Bruce Jackson writes in the introduction to his book Wake Up Dead Man: Hard Labor and Southern Blues:
There is an important difference in our approach to art song and folk song. Art song requires that we perceive the nature of the art involved; folk song requires not only perception of the art but also the generating or supporting musical social, and historical contexts. Folk song is not simply textual, but con-textual: it does not exist—save for historians and scholars—on pages in books, or even on shiny black discs. It exists in a specific place at a specific time, it is sung by specific people for whom it has specific meanings and functions.

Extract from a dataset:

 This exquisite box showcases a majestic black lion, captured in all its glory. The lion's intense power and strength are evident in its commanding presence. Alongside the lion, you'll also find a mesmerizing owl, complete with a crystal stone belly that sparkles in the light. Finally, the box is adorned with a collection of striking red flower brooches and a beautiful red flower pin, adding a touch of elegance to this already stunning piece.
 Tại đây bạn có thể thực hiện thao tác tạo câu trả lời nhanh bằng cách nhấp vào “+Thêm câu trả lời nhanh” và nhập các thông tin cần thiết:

We can't now determine what the original context of the song was nor who wrote the Samson verse. But we do know that it existed in one or more of the places that African music thrived in America: work songs, church worship, and minstrel shows. The most obvious context is Christian and we know the Fisk Jubilee Singers (who avoided vaudeville music) used the song on tour and recorded it in 1911.

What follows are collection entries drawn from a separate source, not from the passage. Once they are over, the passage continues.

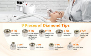 The package comes with 9 kinds of replaceable diamond tips, each with a different texture and shape, which can be applied to different areas of the body or face, and different diamond tips can be selected according to the user\'s needs. D120 and D180 are for the body, especially for acne, knee, elbow areas, and striae of pregnancy. D180 and D240 is for the face, for the large blemishes. D120, D180, and D240 are for scares, fine lines, and imperfections. D200, and D240 is for the eyes and both sides of the nose, for wrinkles, oil tablets, blackhead, and acne.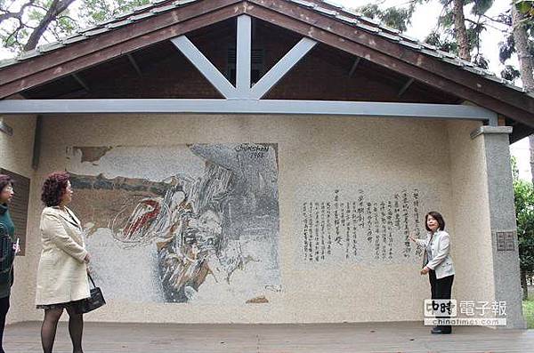彰女「紅樓」側邊牆面設計「李仲生紀念廣場」,翁金珠介紹以李仲生作品和名言字跡作壁畫。(吳敏菁攝)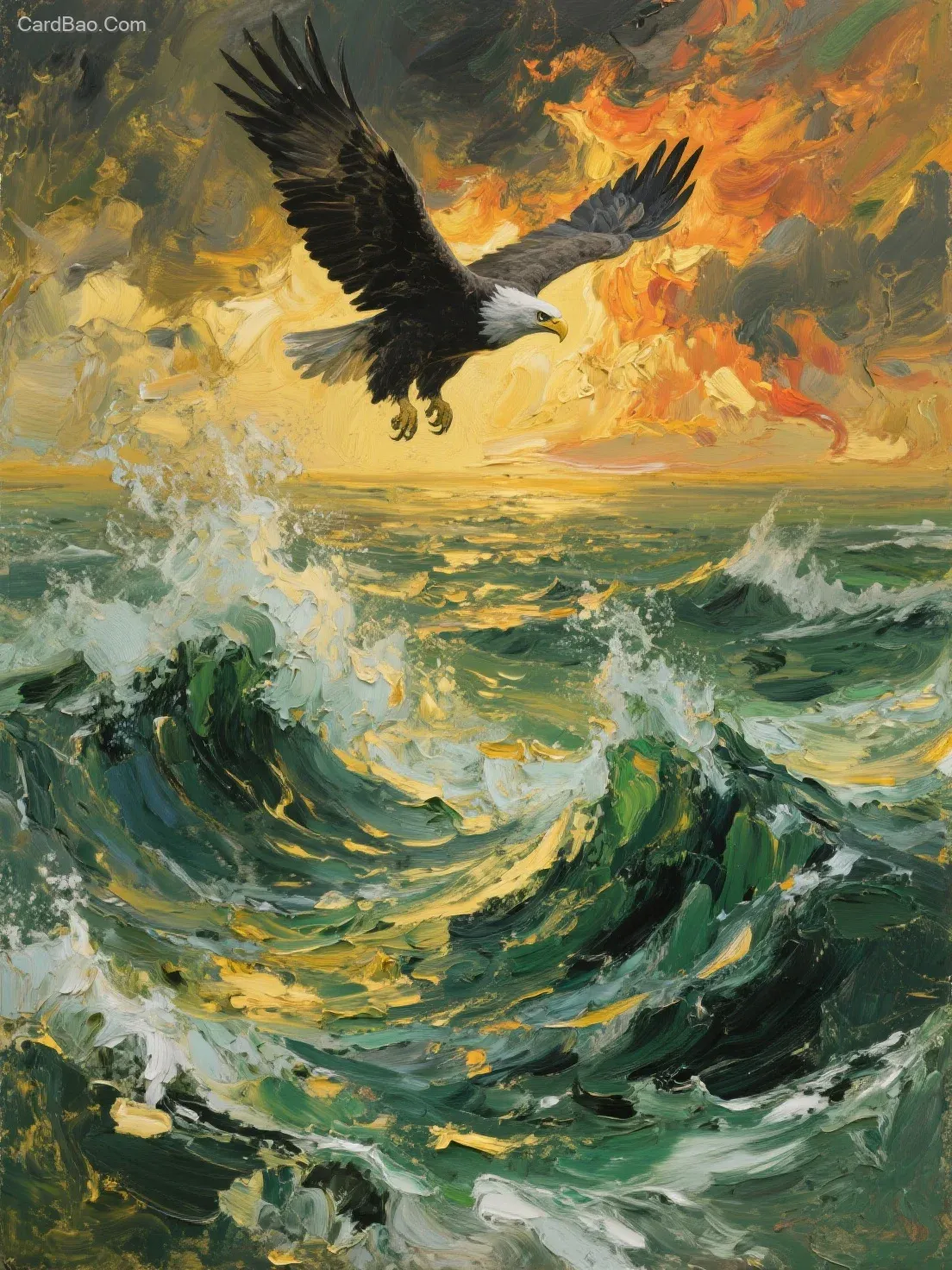 Oil paint, gold-green color scheme, abstract art, atmospheric intensity, emotional release, strong winds, blazing sunset clouds, stormy weather, raging ocean with towering waves, horizon line, close-up, eagle soaring high in the sky with wings spread, dark tones, deep depth of field, panoramic view, telephoto lens, full-body shot, chiaroscuro lighting, surrealism, intricate details, artistic, dreamlike effect, emotional resonance, vintage style, vibrant colors.

Meanwhile, Bruce Jackson also noted that two versions of the song were used by convicts in the Texas prison system. One version repeats the basic refrain and inserts various non-Biblical people into the role of witness: family, fellow-prisoners, guards, even visitors. In this context, the message is clear from a single line:
Anybody can be a witness ...
The other version is an adaptation of the spiritual. Jackson, analyzing the final stanza about a man who caused a stir at church (perhaps a one-man ring shout?):
All the previous stanzas are about situations in which God was involved in people's activities; this stanza suggests that the use of messengers and agents might continue.
The purpose of the song in worship.
As a work song, the purpose is to get by: make a hard day's work go a little lighter and a little more pleasant. But in the context of the church, it must have been something different. Part of the purpose might have been entertainment: the Samson verse fits the bill perfectly. But the other purpose, judging from the other stanza, must have been to remind the congregation of the Biblical stories. Since I wrote the question, I've seen verses about Moses, Ezekiel, Isaiah and Jonah which pick significant moments in their lives to put in verse. One can imagine these verses being passed from one congregation to another (and even back and forth from church to work) and thriving or dying depending on how well they were remembered.
Many of the verses show men sustained by God in hard times. Power to overcome human authority seems to comes from God Himself. Remember that the church was one of the few places a slave could be free to express himself without fear of reprisal—as long as he didn't speak rebellion against his master. So the songs seem to be coded to communicate that God can (and might very well) free people from bondage without saying it outright.
Samson empowered by God; Samson defeated by trickery.
On the one hand, God's hand was clearly on Samson during his time as judge since he was able to easily defeat the Philistines with his strength. But he also used trickery, which was his downfall in the end. When Delilah removed his hair and he became a normal man, it was as much a witness to what God had done as Methuselah living a long life. The song calls it's hearers to be witnesses to the Lord, but it assumes the audience is as powerless as Samson shorn. By implication, God might very well empower someone to become a witness by becoming strong enough to shake off the bonds of slavery and oppression.